The variety of people that have registered is also gratifying. We have people coming from a good cross section of Ontario post-secondary institutions as well as from public, school and other libraries. Not to mention a good number of recent grads from various library schools. We also have a few of people from outside the library world too.
The breadth of topics and sessions that have been proposed is also very encouraging for the event itself. As is the reaction so far around the web.
Which brings me to Walt Crawford's post.
And there’s something about it that bothers me. Namely, the premise as stated in that first paragraph.
Sorry, but I don’t buy it as a reality or as a desirable future. I don’t think of Harvard College Library as a branch of The ARL Library, much less Mountain View Public Library, Harvard College Library, NYPL, Hewlett-Packard Corporate Libraries and the Poy Sippi Public Library as all being branches of One Big Library.
I think of all these as distinctive and distinctly local institutions–institutions which, being libraries, are really good at sharing and should get even better at it. But sharing is quite different than being a branch of a whole.

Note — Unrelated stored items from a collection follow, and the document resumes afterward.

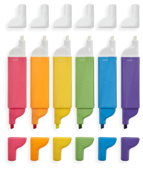 Förpackning om 6 stycken tuschpennor/överstrykningspennor i färgglada nyanser som även är suddbara. Färglägg med ena sidan, sudda med den andra, passar fint både i skolan, på jobbet eller hemmavid.
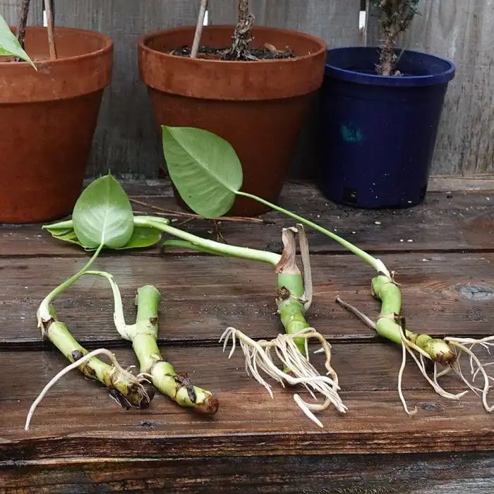 土培扦插繁殖龟背竹很简单,晾干伤口的枝条直接扦插在盆土中,后期正常打理就能生根发芽。
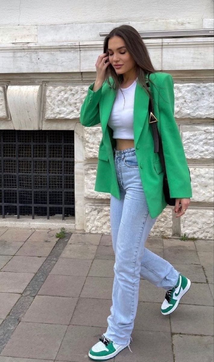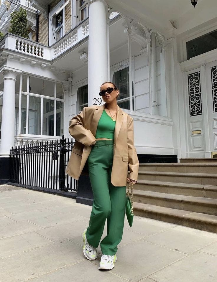 Structured emerald green blazer and high-waisted trousers form a vibrant suit perfect for St. Patrick’s Day, layered over a simple white crop top. Green shoulder bag and green-white sneakers deliver coordinated street-ready flair.
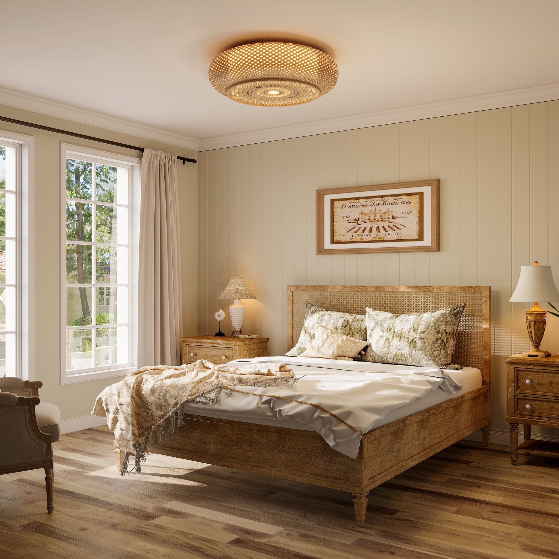 Transformeer uw huis met deze prachtige handgeweven bamboe rieten plafondlamp. Met zijn slanke platte vorm en natuurlijke bamboe afwerking, is het beschikbaar in zowel hanglamp- als plafondmontage-opties, waardoor het een veelzijdige aanvulling is voor elk interieur.
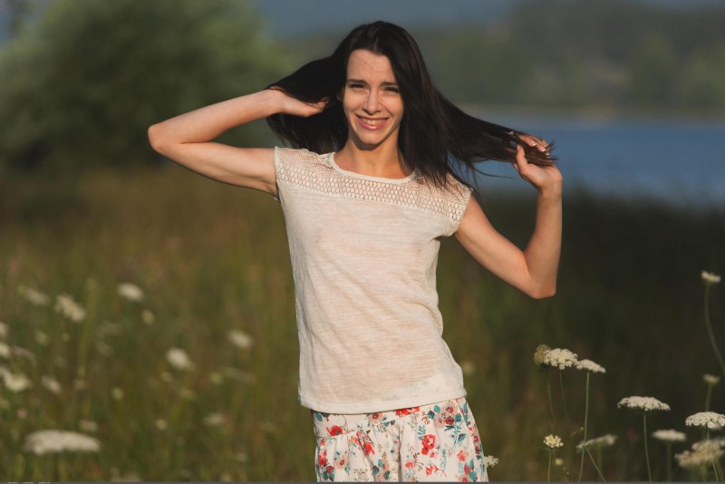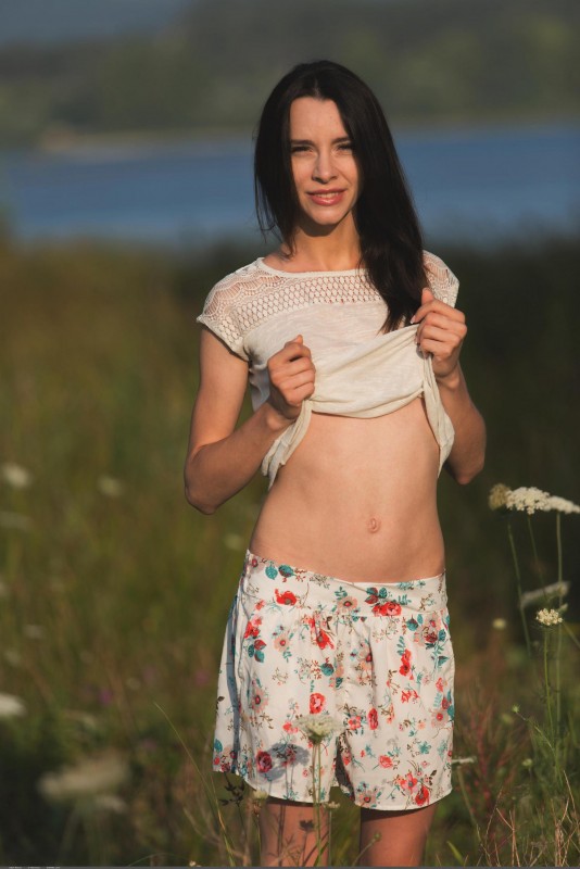 Медленно снимая с себя всю одежду, молодая брюнетка расслабленно гуляет абсолютно голая на природе, светя своими миниатюрными прелестями. Бесстыжая девушка с маленькими титьками откровенно принимает разные возбуждающие позы и развратно показывает на камеру свою аппетитную попку и бритую нежную письку.

Reading Walt's comments and re-reading our goals I can see how it's possible to see our aims as homogenizing rather than unifying and I guess we could have been more explicit. Please read the comments on Walt's post where Laura Crossett, David Fiander, Connie Crosby and John Miedema all seem to have a pretty good idea of what we're trying to do: focus on co-operation and collaboration among libraries and librarians in meeting the needs of our patrons. But there will always be tension between centralizing and decentralizing forces in any organization or consortium of organizations, a tension that can be negative but that can also be constructive and creative.
As wary as I am to post on the York institutional and/or the Ontario/Scholars Portal contexts, I can say that both of those come equipped with a some small portion of the centralizing and homogenizing impulses that are in a creative tension with intensely local patron needs. And both contexts also have librarians and staff that want to build something together while at the same time being loyal to their local patron communities. We want to collectively and collaboratively build something wonderful and terrific for the benefit of everybody as well as maintain our individual identities. Maybe the One Big Library it's just in the air here. And if some of that tension comes out at the conference, well, that's healthy too.